Hank Paulson was more circumspect. While he said at a press conference on September 15 that “moral hazard is something I don’t take lightly” he was smart enough not to completely rule out more magical piggy bank moves (obviously not calling them that). Good thing. On September 16, the magical piggy bank was hauled out, this time for good, to save AIG. It is still in action as I will show in a future BLOG.

Two different collapses then and now.

What’s the connection between two very different lines in the sand – Europe’s with Greece and Paulson’s with Lehman?

In the case of Greece, will the line in the sand cause some sudden downturn à la Lehman? Unlikely. Probably the contrary. Greece has been expected. A relief rally would be in order.

But as Mark Twain is said to have said “history does not repeat itself but it does rhyme.” In this case there won’t likely be a repeat of a stock-market collapse.

But there is another type of collapse going on right before our eyes – a social collapse of Greece. And that collapse is far more slow-motion, far harder to see the consequences of. Frankly, markets have always been uninterested in political and social risk. You can’t quantify it. It evolves too slowly. Markets get interested when political and social risk is really serious – and then it’s too late.

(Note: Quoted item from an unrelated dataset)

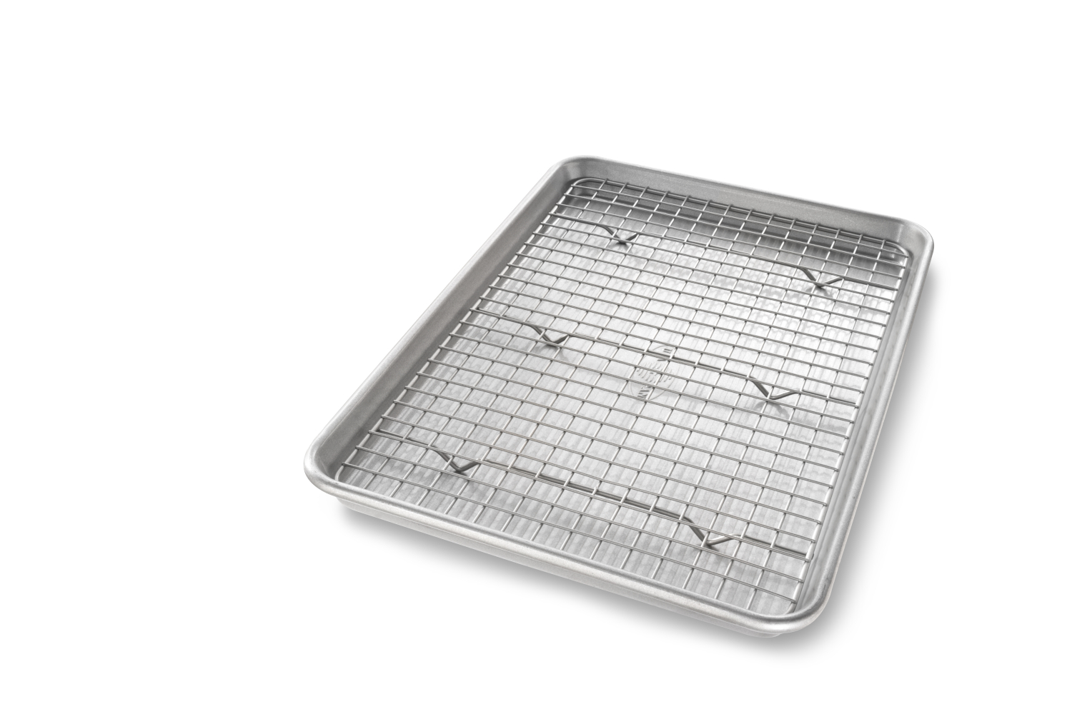 USA Pan has finally paired its new grid racks with its existing aluminized steel, silicone-coated sheet pans, just in time for the holidays. Perfect for making bacon and buffalo wings in the oven, the grid rack fits right inside the sheet pan to make crispy edges possible by draining away the fat. Use the pan alone for roasting vegetables and baking cookies, or for a prep tray for your "mise en place". The grid racks can be used alone to cool your baked goods once they are removed from the oven. So many combinations, so many possibilities!

Greece is talking to Europe.

So how will this Greek social collapse  look to the Portuguese? To the Irish? To the Spanish? To Europe as a whole? To see the euro being saved, European banks being saved, a future united Europe being saved while Greek society unravels?

After all, it is not lost on anyone, except the most obtuse, that all the debt Greece piled on was piled on by those who were then in charge of Greece and by willing European banks and European countries who liked the fact that Greeks were buying German cars, French wines, etc. And it is not lost on anyone that those who will most suffer the consequences of this debt binge will not be those in charge of Greece today.

The movie most people are watching is “Good Germany. Bad Greece.” Next door is a much duller one – because it is being played in slow motion – cryptically entitled: “What Greece Is Saying to Europe.”

– John Allison

1 In the album “She’s So Unusual”, 1984.

2 The government did take over Fannie Mae and Freddie Mac over on September 6, 2008.

3 As reported by the Associated Press on September 5, 2008. The phrase came from an epilogue to the paperback edition of Greenspan’s memoir, The Age of Turbulence: Adventures in a New World, which was released on September 9.

4Zumbrun, Joshua. “Paulson’s Line in the Sand.” In a column called “Moral Hazards.” Forbes.  September 15, 2008.